Francis Michael Chernesky (5 May 1955 – 30 March 2016), known professionally as Frankie Michaels, was an American actor and singer. In 1966, he won a Tony Award for Best Featured Actor in a Musical for playing young Patrick Dennis in the original production of Mame, just a little over a month after his 11th birthday, being the youngest Tony Award winner ever.

==Stage career==
Michaels holds the record for being the youngest person to win the Tony Award for Best Featured Actor in a Musical -- at age 10 as young Patrick Dennis in the Broadway musical Mame in 1966. His other stage credits include A for Adult and Happily Ever After, both off-Broadway.

==TV career==
Michaels appeared in the TV series As the World Turns from 1964–66, Our Private World in 1965, and The Joey Bishop Show in 1967. While performing in Mame he made guest appearances on The Mike Douglas Show and The Merv Griffin Show in 1966.
==Singing career==
In 1965, at age 10, Michaels recorded Gladys Shelley's theme song for the Little Miss America pageant at Palisades Amusement Park, for Spiral Records.

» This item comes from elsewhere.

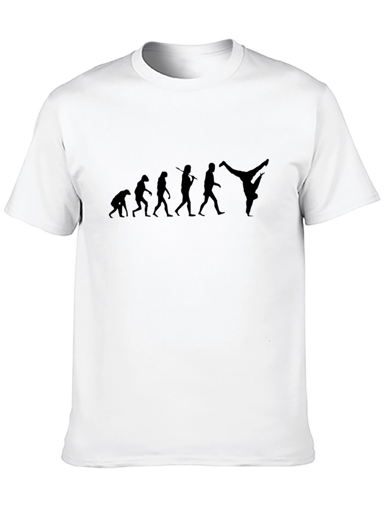 Show your love for dance with this cool black t-shirt! It features a unique graphic depicting the evolution of humans culminating in a breakdancing pose. Made from what appears to be a comfortable, breathable material, this tee is perfect for casual wear, dance practice, or making a statement. The simple design makes it versatile to pair with any bottoms and is sure to be a conversation starter. Get yours today and celebrate the artistry of movement!

In 2010, he sang "My Best Girl," which he had sung in Mame, during a tribute to Angela Lansbury at the 2010 Drama League Gala at the Pierre Hotel in New York City.

As of 2013, Michaels worked for United Radio Service in East Syracuse, New York, and sang in a lounge at the Turning Stone Resort & Casino in Verona, New York, on Friday evenings.